The org.apache.kafka.tools package includes VerifiableProducer and VerifiableConsumer classes. These can run as command-line tools or be embedded in an automated testing framework. The idea is that the verifiable producer produces a sequence of messages containing numbers from 1 to a value we choose.

We can configure the verifiable producer the same way we configure our own producer, setting the right number of acks, retries, delivery.timeout.ms, and rate at which the messages will be produced. When we run it, it will print success or error for each message sent to the broker, based on the acks received.

The verifiable consumer performs the complementary check. It consumes events (usually those produced by the verifiable producer) and prints out the events it consumed in order. It also prints information regarding commits and rebalances.

Tests to Run🔗

Leader election: what happens if we kill the leader? How long does it take the producer and consumer to start working as usual again?

Controller election: how long does it take the system to resume after a restart of the controller?

Rolling restart: can we restart the brokers one by one without losing any messages?

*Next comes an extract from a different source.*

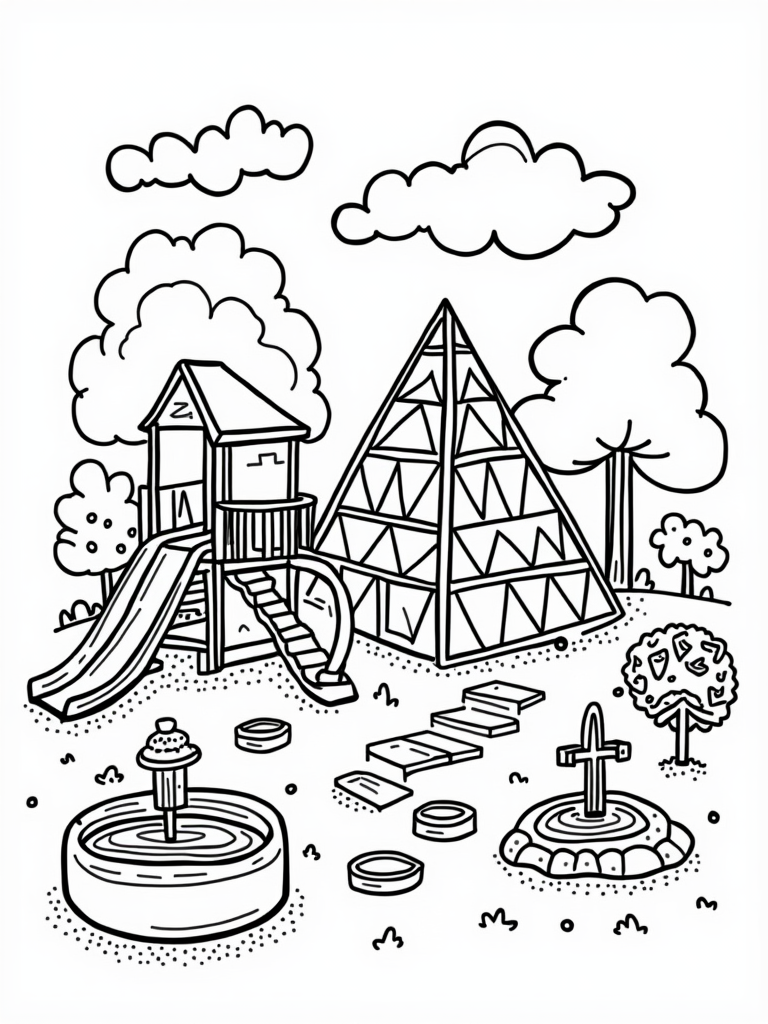 Check out this free, printable coloring page featuring a vibrant triangle playground! With a pyramid slide, triangular swings, and a sandbox filled with geometric toys, it’s perfect for little artists who love to color outside the lines.

Unclean leader election test: what happens when we kill all the replicas for a partition one by one (to make sure each goes out of sync) and then start a broker that was out of sync? What needs to happen in order to resume operations? Is this acceptable?

Validating Applications🔗

Failure Conditions to Be Tested🔗

Clients lose connectivity to one of the brokers
High latency between client and broker
Disk full
Hanging disk (also called “brown out”)
Leader election
Rolling restart of brokers
Rolling restart of consumers
Rolling restart of producers

There are many tools that can be used to introduce network and disk faults, and many are excellent, so we will not attempt to make specific recommendations. Apache Kafka itself includes the Trogdor test framework for fault injection. For each scenario, we will have expected behavior, which is what we planned on seeing when we developed the application. Then we run the test to see what actually happens.

For example, when planning for a rolling restart of consumers, we planned for a short pause as consumers rebalance and then continue consumption with no more than 1,000 duplicate values. Our test will show whether the way the application commits offsets and handles rebalances actually works this way.